Henry Kissinger, giant of US foreign policy, died on Wednesday last week. He managed to round out a full century, during which he played an outsized role in shaping the geopolitics of the 20th century, for better or worse — depending on who you ask. There is much to unpack about his legacy, and certainly no lack of debate. Yet even among his more trenchant critics, many would concede that Kissinger may count “opening” China among his greatest and most positive achievements. The view from Taiwan, however, is a little different.
Reacting to the news, the Chinese Nationalist Party (KMT) on X, formerly known as Twitter, did not make much effort to hide its feelings on the man, saying only that it “notes” Kissinger’s passing and “recognize[s] Kissinger’s efforts to bring about peace and prosperity in the Indo Pacific.” For the KMT, the 50-year-old wounds Kissinger inflicted are as fresh as ever.
In their determination to normalize relations with Beijing to counter the Soviet Union, Kissinger as then-US national security adviser and then-US president Richard Nixon arranged a secret meeting with the Chinese Communist Party (CCP) leadership, which a year later led to the historic 1972 meeting between Nixon and Mao Zedong (毛澤東). Wanting to avoid that pesky democratic process, Kissinger and Nixon did their utmost to conceal their machinations and therefore any debate about their methods until it was too late.
The CCP undoubtedly saw a kindred spirit in Kissinger, and believed him when he insinuated that the White House was willing to abandon Taiwan. He proceeded to make concessions that shocked many of his American colleagues, including withdrawing the US military from Taiwan, disavowing Taiwanese independence and failing to condemn the use of force.
The Watergate scandal and Nixon’s eventual ousting would scupper the pair’s plans before they were fully realized. As a consequence, both sides were left to deal with the duplicitous framework that Kissinger helped lay. Each side felt betrayed, and has been attempting to build atop the precarious language in the Shanghai Communique ever since.
It is arguable that Kissinger’s approach was not necessary at all. His backroom wheeling and dealing is often credited as the only way the US could have normalized relations with China. However, both sides were already looking for an in with each other to counter the Soviet Union. Even Mao’s biggest rival at the time, Lin Biao (林彪), who vehemently advocated for relations with Moscow over Washington, ended up dead amid suspicious circumstances.
It is reasonable to argue that an agreement could have been reached without selling Taiwan down the river, but thanks to Kissinger and Nixon shutting everyone else out of the room, that alternative timeline is lost to history.

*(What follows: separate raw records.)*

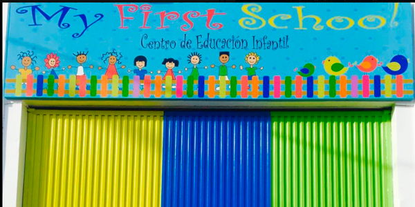 Mamen y Estefanía querían cambiar la imagen de entrada a su escuela infantil. Hablamos, hablamos y hablamos un poco más, muchas ideas, algunos cambios, y el resultado, creo que fué bastante bueno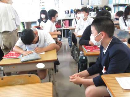 「あいさつに大切な心」について考えました。考えたことをプリントに書き、近くの子に話をしています。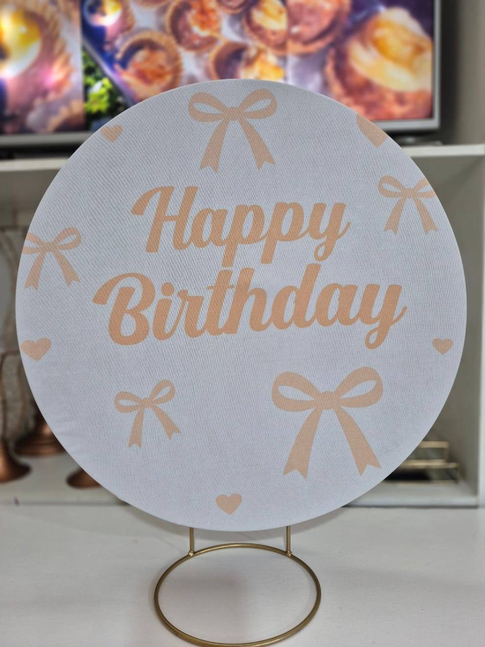 Mini capa painel redondo 50x50 happy birthday Laços Nu

Nixon and Kissinger did not seem to mind sacrificing the little guy — a recurring theme of Kissinger’s career. The growing Taiwanese independence movement barely registered as a blip on their radar — private tape recordings of their conversations from the period reveal their bafflement at the movement’s existence and ultimate agreement that “if they want to secede, that’s their business.” They had trouble seeing beyond the views of Mao and his enemy Chiang Kai-shek (蔣介石), who agreed on the “one China” formulation. They failed to foresee the power of public sentiment and the impact that, over time, the Taiwanese democratic movement would bring.
For better or worse, China, the US and Taiwan are stuck with the frameworks concocted in back rooms by Kissinger and his contemporaries. The debate will continue about whether the good has outweighed the bad, but it is undeniable the world has changed as a result of that 1971 meeting. Kissinger’s passing marks a transition into a new era, which is an era not served by the rules of a game played decades past.